On/off-ramp — the conversion between fiat money and cryptocurrency — a few years ago was a tool from the world of retail exchanges and crypto enthusiasts. Today, it is an operational mechanism that determines how quickly a business can manage liquidity in real time. And if your company operates with multiple currencies, partners across different jurisdictions, and wants not just to “accept payments” but to actively manage capital — then the conversation about On/Off-Ramps should start not with integration, but with architecture.

How Corporate Treasury Has Changed In The Digital Economy

Traditional corporate treasury used to solve three core tasks: monitoring cash balances, managing FX risk, and ensuring liquidity for operations. All of this worked within banking hours, through custodial accounts, with settlement delays ranging from T+1 to T+3. Clean on paper. Acceptable in practice. But it belonged to a different economy.

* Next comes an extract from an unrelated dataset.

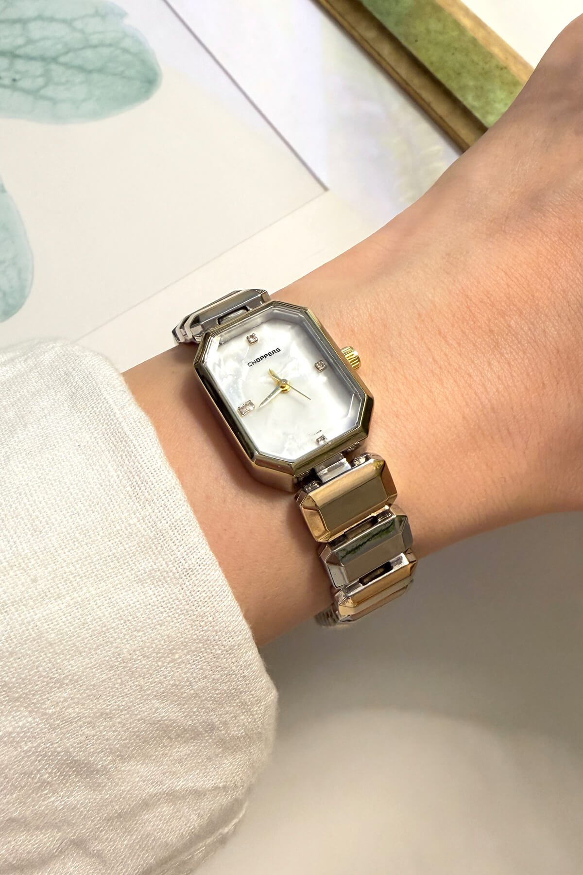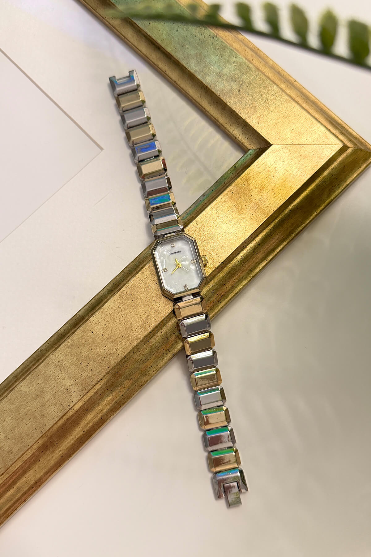 Klasik saat formlarını unutun! Dikdörtgen kasanın modern duruşu, kadranındaki taşların ışıltısıyla buluştu. Bu saat sadece zamanı değil, sizin ışıltınızı da yansıtacak. Bileğinizde bir bileklik zarafetiyle taşıyacağınız bu "it-piece" ile tanışın.

In the digital economy, money moves differently because the structure of business itself has changed:

Real-time liquidity has stopped being a nice-to-have buzzword and has become an operational requirement. Think of a marketplace paying suppliers in Southeast Asia the moment a buyer in Europe confirms an order. Or a SaaS company receiving subscription revenue in USD while simultaneously paying developers across multiple currencies. A 48-hour delay here is not a minor operational inconvenience — it is a cash flow gap that needs to be financed.

Multi-currency operations are no longer a privilege of large enterprises. A mid-sized B2B SaaS company with customers across three or four regions today operates in EUR, USD, GBP, and sometimes additional local currencies — not because it wants to, but because that is how the market is structured. And each currency pair introduces FX risk, conversion spreads, and additional operational overhead for finance teams.

The crypto + fiat hybrid model is perhaps the most interesting shift of the last two years. Stablecoins have effectively become a working liquidity tool: USDC is used for settlements with partners where traditional bank transfers are slow or expensive. Major companies — from Stripe to Shopify — have already integrated this into their financial stack as operational infrastructure.

Why On/Off-Ramp Became Part Of Treasury, Not Payments

If you ask most CFOs what an on/off-ramp is, they’ll say “it’s about payments.” But that’s a framing error — and it costs real money.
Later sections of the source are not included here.